======== Entries supplied ========

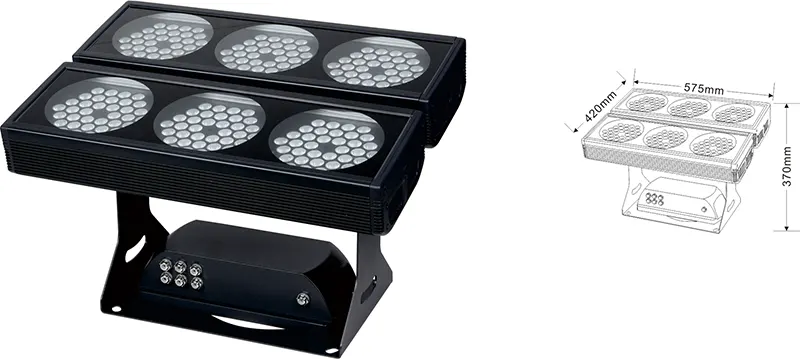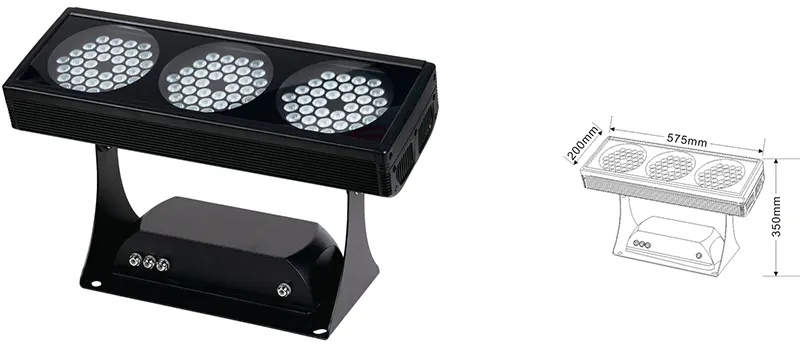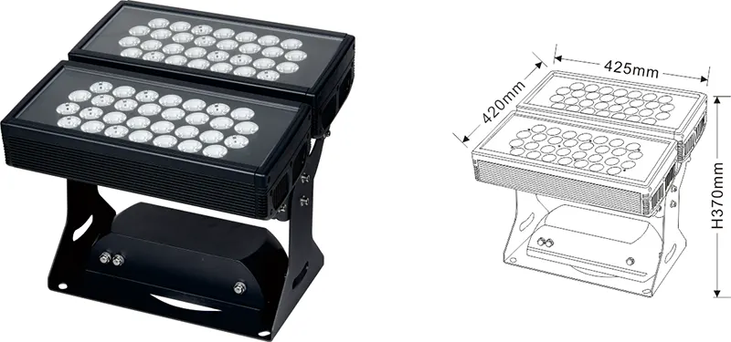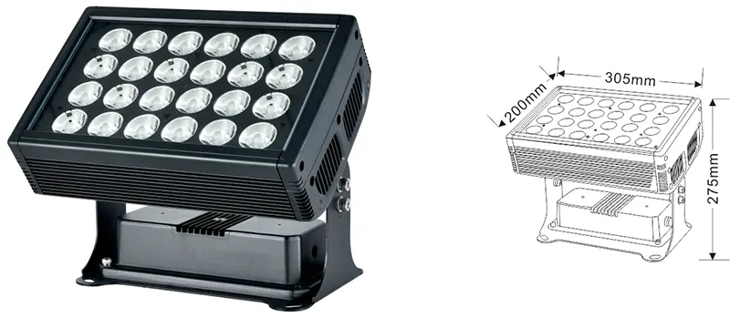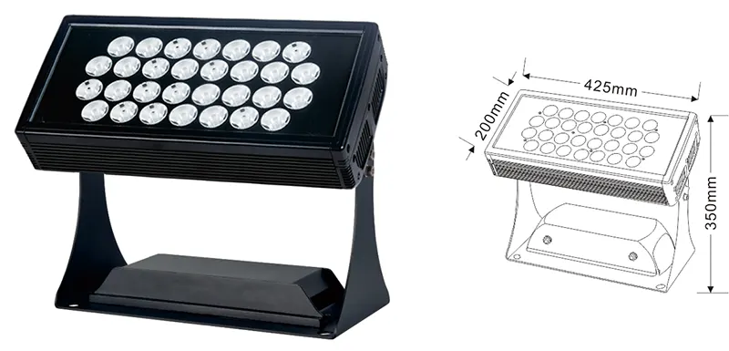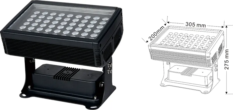 | Projektor LED DMX | Con-TGD05-1 | 200*200*H265 mm | 36*1,5 W. | Materiał: aluminium+szkło temperowane Typ wspornika: regulowany IP: IP67 Temperatura kolorów Opcjonalnie: 3000K/4000K/6500K RGB / DMX512 RGBW / DMX512 Konwencjonalny szary, dostosowywany do dopasowania koloru elewacji budowania |
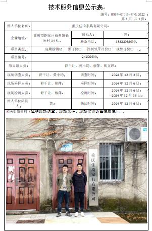重慶佳琦家具有限公司定期檢測項目公示
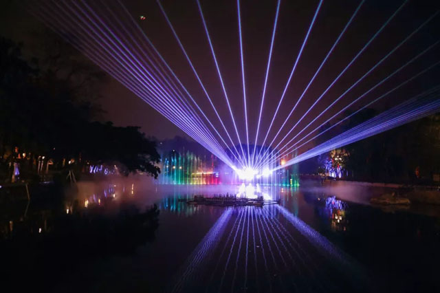 這場(chǎng)氣勢(shì)磅礴的燈光秀,融合了3D投影、激光、舞臺(tái)燈具、景觀燈具、水秀、霧森及音樂等多種類型的表現(xiàn)形式,每種類型都有自身特定的色彩和開關(guān)控制,異常復(fù)雜,因此對(duì)燈具的光效、穩(wěn)定性,特別是聯(lián)動(dòng)控制提出了非常高的要求。
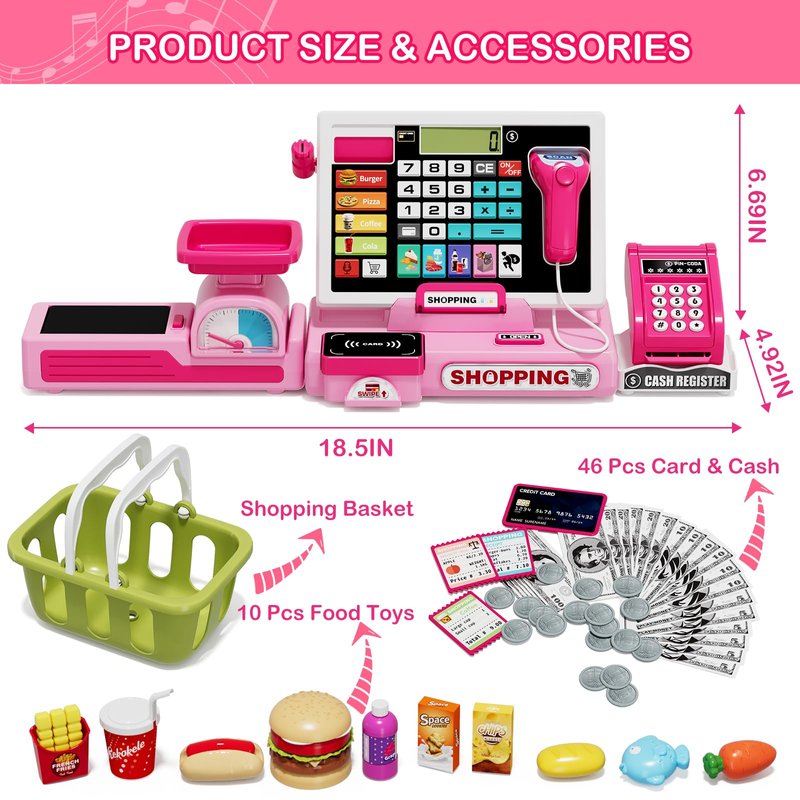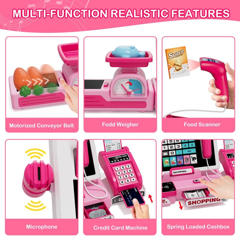 - 63 PCS MULTI-FUNCTION CASH REGISTER TOY: Upgraded motorized conveyor makes play store shopping experiences more realistic! This play cash register set also includes real calculator, scanner, microphone, basket, food toys, play money and credit card
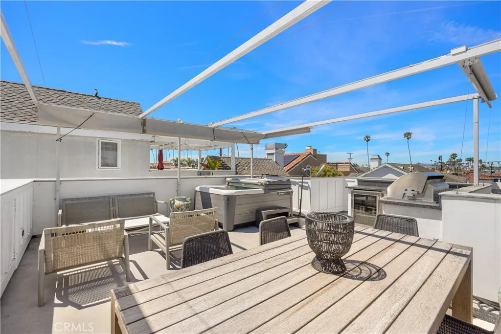 Positioned within the prestigious Estates section of Naples Island, 75 Angelo Walk is a masterfully reimagined coastal residence that embodies modern luxury, architectural precision, and effortless indoor-outdoor living. Spanning approximately 2,916 square feet, this 3-bedroom, 3.5-bath home has been completely rebuilt with an uncompromising commitment to quality, design, and detail. A striking façade of clean lines and contemporary form sets a compelling first impression, while inside, a light-filled open floor plan unfolds with warmth and sophistication. Wide-plank hardwood floors, soft tones, and curated lighting create a refined backdrop for everyday living and elevated entertaining. At the heart of the home, a bespoke chef’s kitchen seamlessly pairs form and function, featuring professional-grade stainless steel appliances, handcrafted cabinetry, stone countertops, a statement island with bar seating, and an integrated wine refrigerator. The adjoining dining and living spaces flow effortlessly, anchored by a custom-designed fireplace wall with built-in shelving, offering both comfort and architectural interest. The upper level introduces a secondary living area designed for flexibility, along with well-appointed guest accommodations showcasing vaulted ceilings, designer finishes, and en-suite privacy. The primary suite is complete with a custom walk-in wardrobe and a spa-inspired bath featuring a sculptural soaking tub, dual vanities, and an expansive walk-in shower. A private balcony extends the experience, offering a tranquil setting for morning light and ocean air. Crowning the home, the rooftop terrace delivers a resort-caliber experience with a fully equipped outdoor kitchen, BBQ, wine refrigerator, jacuzzi, and multiple lounge areas—all enhanced by retractable awnings for year-round enjoyment and privacy. Beyond its aesthetic appeal, the residence is thoughtfully engineered for sustainability and efficiency, featuring fully paid solar panels and dual Tesla Powerwalls—allowing for significant energy independence rarely found in luxury coastal homes. Completing the offering is a 2-car attached garage and an unparalleled location just moments from the canals, beaches, and the vibrant dining and boutique scene that defines Naples Island. This is a rare opportunity to own a turnkey architectural home that seamlessly blends modern design, coastal elegance, and cutting-edge efficiency in one of Long Beach’s most coveted waterfront communities.
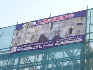 東京都足立区H様賃貸マンション足場シートと看板シートを取り付けました。
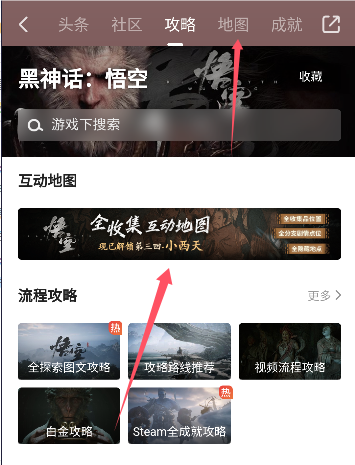 3、进入黑神话悟空攻略专区后,在顶部可以找到【地图】,中间也可以找到【互动地图】。
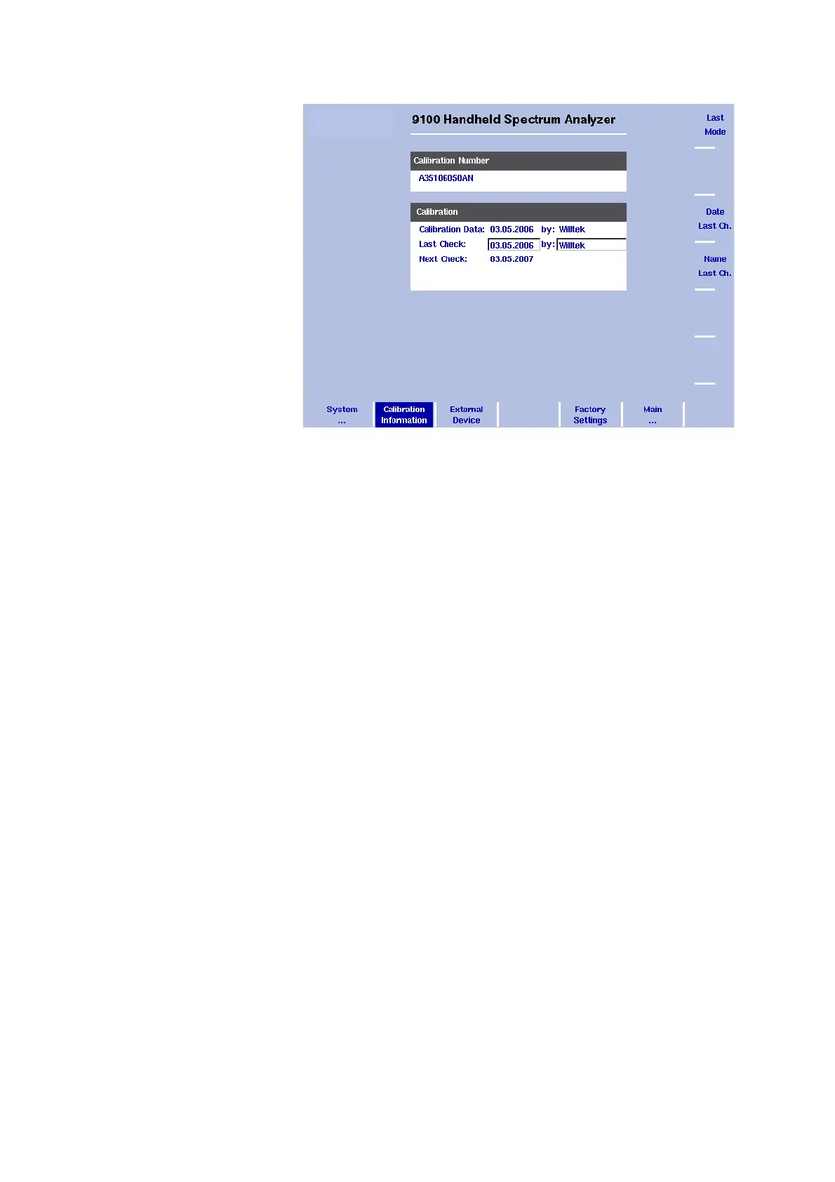 Date Last Check softkey to change the last check date. It
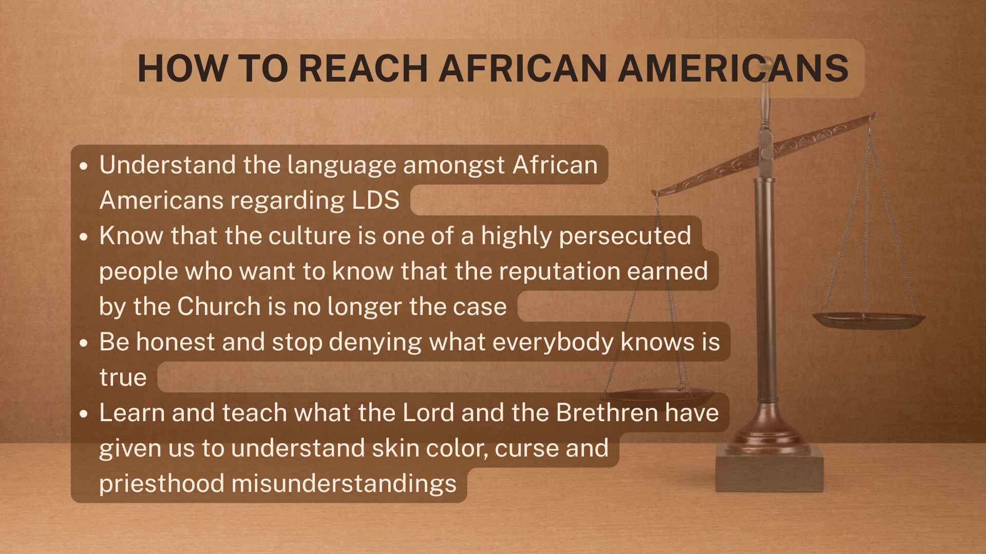 How do we reach African-Americans? We’ve got to understand the language and the culture of African-Americans regarding our LDS culture.

========

Activity
Return, unchanged, the lines from the first line of the material through the line that holds "- 63 PCS MULTI-FUNCTION", inclusive, omitting pictures.

Exercise solution
 | Projektor LED DMX | Con-TGD05-1 | 200*200*H265 mm | 36*1,5 W. | Materiał: aluminium+szkło temperowane Typ wspornika: regulowany IP: IP67 Temperatura kolorów Opcjonalnie: 3000K/4000K/6500K RGB / DMX512 RGBW / DMX512 Konwencjonalny szary, dostosowywany do dopasowania koloru elewacji budowania |
重慶佳琦家具有限公司定期檢測項目公示
 這場(chǎng)氣勢(shì)磅礴的燈光秀,融合了3D投影、激光、舞臺(tái)燈具、景觀燈具、水秀、霧森及音樂等多種類型的表現(xiàn)形式,每種類型都有自身特定的色彩和開關(guān)控制,異常復(fù)雜,因此對(duì)燈具的光效、穩(wěn)定性,特別是聯(lián)動(dòng)控制提出了非常高的要求。
 - 63 PCS MULTI-FUNCTION CASH REGISTER TOY: Upgraded motorized conveyor makes play store shopping experiences more realistic! This play cash register set also includes real calculator, scanner, microphone, basket, food toys, play money and credit card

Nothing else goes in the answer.